Israeli strikes kill 2 in Gaza, raising death toll since Trump’s Jerusalem announcement to 4

Two Hamas members were killed early Saturday by Israeli airstrikes, raising the death toll in Gaza to four since President Donald Trump’s decision on Wednesday to recognize Jerusalem as the capital of Israel.

Having targeted four Hamas facilities including warehouses and weapons manufacturing sites, the Israeli military said it was responding to rockets fired the previous day, which they assumed were launched by Hamas, according to the Associated Press.

Hamas said two men were recovered from the rubble of the Israeli strikes.
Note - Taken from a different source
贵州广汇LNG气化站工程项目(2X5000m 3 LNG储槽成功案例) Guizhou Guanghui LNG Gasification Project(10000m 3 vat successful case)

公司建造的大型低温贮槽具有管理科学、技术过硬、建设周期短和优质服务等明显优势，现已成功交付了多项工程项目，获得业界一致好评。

Two Palestinians were also shot dead in Gaza and dozens wounded in the West Bank on Friday amid clashes between protesters and Israeli groups along the border.

Residents caught in the crossfire spent Friday night in shelters, fearful of another Israel-Hamas war. There have been three over the past decade, according to the AP.
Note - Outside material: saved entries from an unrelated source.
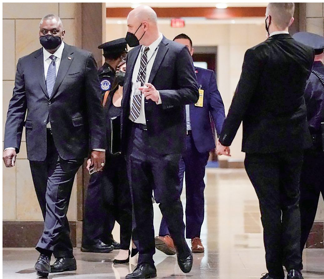
2022年2月2日,在美国首都华盛顿,美国国防部长奥斯汀(左一)准备在国会出席一场听证会。

在那名国防部官员看来,伊拉克领导人“和我们一样希望伊拉克不要成为美国和伊朗冲突的场所”。(郑昊宁)
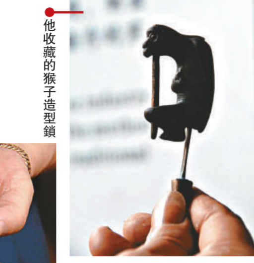
他收藏的猴子造型鎖
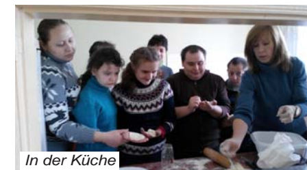
In der Küche
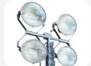
4 projecteurs halogène métallique 1.000 W chacun.
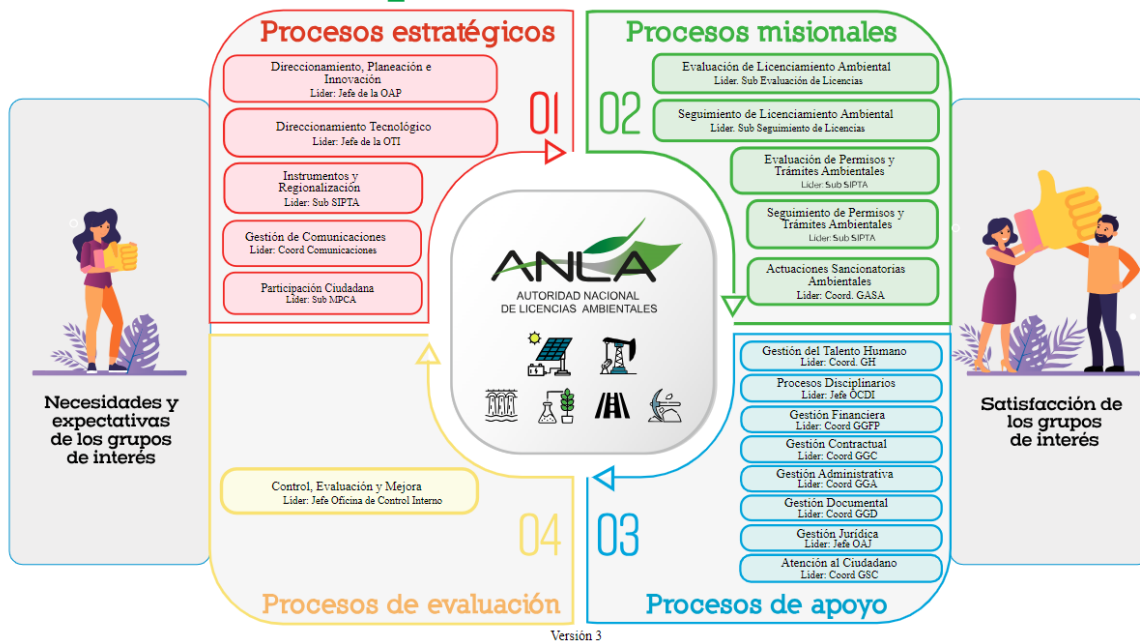
Ilustración 1 Mapa de Procesos ANLA

Teniendo en cuenta la versión No.3 del mapa de procesos, se define el nuevo proceso estratégico “Direccionamiento tecnológico”, el cual busca “Garantizar el adecuado funcionamiento, disponibilidad y usabilidad de los sistemas de información y la infraestructura tecnológica, a través de la formulación, implementación y seguimiento del Plan Estratégico de Tecnologías de la Información - PETI, en el marco del Sistema de Seguridad de la Información,

Trump’s announcement on Wednesday fulfilled a promise he made while campaigning, including the decision to move the U.S. Embassy from Tel Aviv to Jerusalem. Past presidents have delayed such a decision since 1995 in hopes that peace talks would progress.
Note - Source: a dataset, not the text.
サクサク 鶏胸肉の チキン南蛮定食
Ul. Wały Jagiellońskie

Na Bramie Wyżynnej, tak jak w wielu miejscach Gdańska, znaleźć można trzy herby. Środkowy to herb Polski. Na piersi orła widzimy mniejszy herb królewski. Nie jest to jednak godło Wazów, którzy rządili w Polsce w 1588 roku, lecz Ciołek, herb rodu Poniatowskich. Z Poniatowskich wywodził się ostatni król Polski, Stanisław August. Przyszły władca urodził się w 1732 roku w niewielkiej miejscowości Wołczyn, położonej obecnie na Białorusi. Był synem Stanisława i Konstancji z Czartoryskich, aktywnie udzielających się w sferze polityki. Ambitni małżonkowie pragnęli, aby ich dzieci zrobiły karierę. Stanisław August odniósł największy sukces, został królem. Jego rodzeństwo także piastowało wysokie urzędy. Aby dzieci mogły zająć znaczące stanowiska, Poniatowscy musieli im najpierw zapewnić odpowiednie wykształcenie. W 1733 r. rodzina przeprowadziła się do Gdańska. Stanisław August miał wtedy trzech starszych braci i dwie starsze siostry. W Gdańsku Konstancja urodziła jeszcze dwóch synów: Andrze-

But Trump said that, “It would be folly to assume that repeating the exact same formula would now produce a different or better result.”

His announcement upended decades of U.S. policy and triggered denunciations from around the world, while Israeli leaders hailed the decision.

Jerusalem is claimed by both Israelis and Palestinians, and the status of the city is a key element to any peace agreement between the two peoples. Israel claims all of Jerusalem as its capital city, but Palestinians believe the Eastern portion of Jerusalem will be the capital of their own future state.

Palestinian leader Mahmoud Abbas, through a spokesman, “warned of the dangerous consequences such a decision would have to the peace process and to the peace, security and stability of the region and the world.”

“There clearly is no doubt [Israeli] Prime Minister Benjamin Netanyahu has pressed hard for this. He feels he has got very close relations with President Trump. So, this has been high up on his priority list,” David Makovsky, who was a senior policy adviser to the U.S. peace team for Israeli-Palestinian negotiations during 2013 and 2014, told the NewsHour.

Saturday was the third Palestinian “day of rage” with protests along the West Bank and Gaza City, according to the AP. And in Jerusalem on Friday, Muslim worshipers staged anti-U.S. marches, sometimes destroying posters of Trump or American flags.